Thomas Pope / Jun 2021
UK government must get its new subsidy control system right if it wants to avoid frequent cross-channel subsidy disputes in the next few years.
The freedom to replace EU state aid rules became a priority for UK negotiators in Brexit talks last year. The deal agreed gave the UK the freedom to design its own regime to regulate subsidies provided by governments to businesses. But it does impose some conditions on what subsidies can be offered. The UK will shortly unveil its new subsidy control system, and the choices it makes could determine whether subsidies will be a theatre for UK-EU disputes over the next few years.
In a recent Institute for Government report, we highlight that the UK does have an opportunity to design a more effective system than state aid rules for the UK. The EU system can often be slow and inflexible, in part because of the need to control subsidies in 27 different countries. A UK domestic system can and should be more flexible. It does not need to have a regulator with the same powers as the commission, and so it should be possible to approve subsidies more quickly and give governments in the UK more freedom to design subsidies in the way they see fit.

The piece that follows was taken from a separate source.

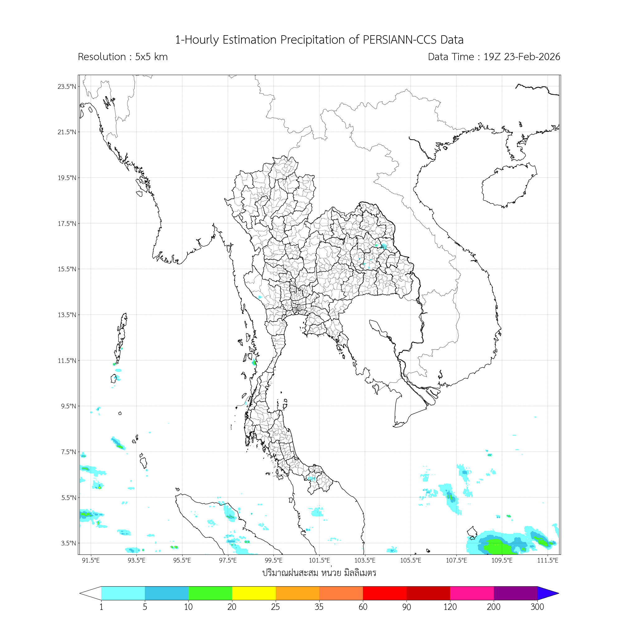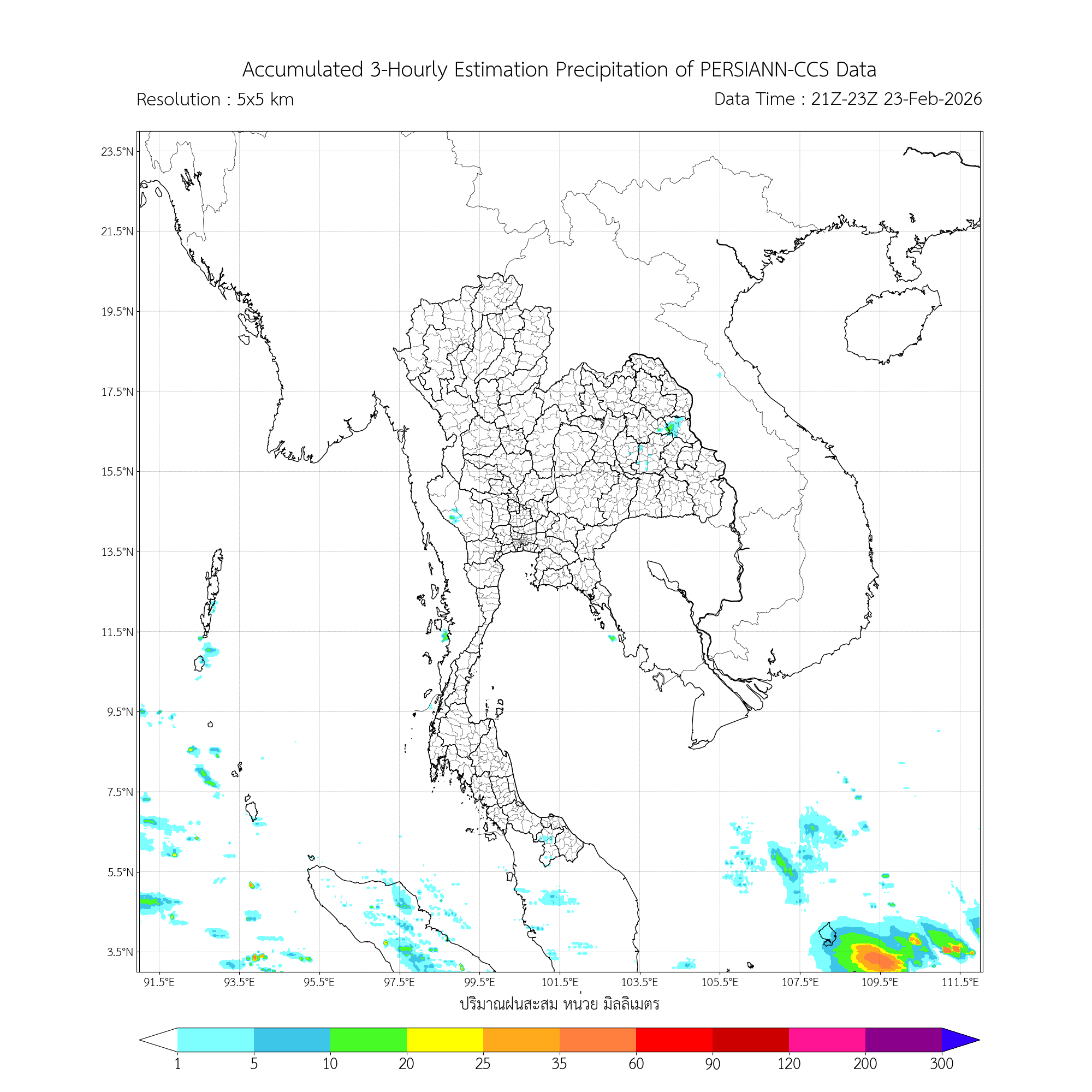 การประมาณค่าฝนจากดาวเทียม เมื่อวาน (23/02/2026)

However, that report also highlights risks with the UK government’s current approach, which prioritises flexibility. The UK-EU trade deal requires that subsidies must comply with six broad principles (for example, that the measure must contribute towards a public policy objective and that benefits must outweigh costs). The current UK proposals are that public bodies can self-assess whether their proposed subsidy satisfies these principles, with no regulator to check their homework. Subsidies could then be challenged in court, but only then would the reasoning be tested and even then courts are likely to give deference to the granting authority.
The report highlights several problems with this approach, including that it would create legal uncertainty and would not guarantee that harmful subsidies are prevented. A looser domestic UK system is also more likely to trigger a challenge from the EU – something the UK-EU deal makes provision for. If the EU suspects that a subsidy violates the principles it can trigger a process that ends – should no other resolution be found – with “remedial measures”, which could include tariffs on the subsidised products.
Subsidies promise to take on a more important public policy role over the next few years, including to meet objectives like ‘net zero’ and to ‘level up’ poorer UK regions. For example, the UK has already announced plans for low regulation freeports that provide more perks to businesses than would likely have been permitted in the EU. If the EU does not view the UK system as rigorous and robust, challenges from across the channel are much more likely.
EU involvement in UK subsidy control may also come through a different route. Article 10 of the controversial Northern Ireland protocol states that subsidies which affect goods trade between Northern Ireland and the EU must still comply with state aid rules. The UK and EU disagree on the scope of this provision – the UK argues that it will almost always apply only to subsidies to Northern Ireland businesses, but the Commission has argued that subsidies to Great Britain companies with a presence in Northern Ireland may also be subject to EU rules.
This provision of the protocol – originally in place to protect the EU in case of no deal – threatens to undermine a new UK system. It could mean that many of the most important UK subsidies require EU approval, negating most of the benefits of a bespoke UK system. It also provides another route by which the EU might try to influence UK subsidy policy if it is unhappy with the operation of the UK regime.
We recommend that the UK develop a system with clear guidance and regulations and an advisory role for a respected and impartial regulator to ensure the system is effective and achieves the UK’s domestic objectives. Such a system would also help to satisfy the EU that it is not at risk of aggressive and unfair subsidisation from a close competitor. This would help to avoid frequent disputes and may, over time, allow a renegotiation of the protocol to limit or eliminate the scope of the state aid provisions.
However, if the UK persists with its plan for a lax system, subsidy disputes – both via the provisions of the trade deal and the Northern Ireland protocol – are likely to emerge with regularity and contribute to a rocky UK-EU relationship. All eyes, then, on the upcoming UK subsidy control bill to see where the government lands.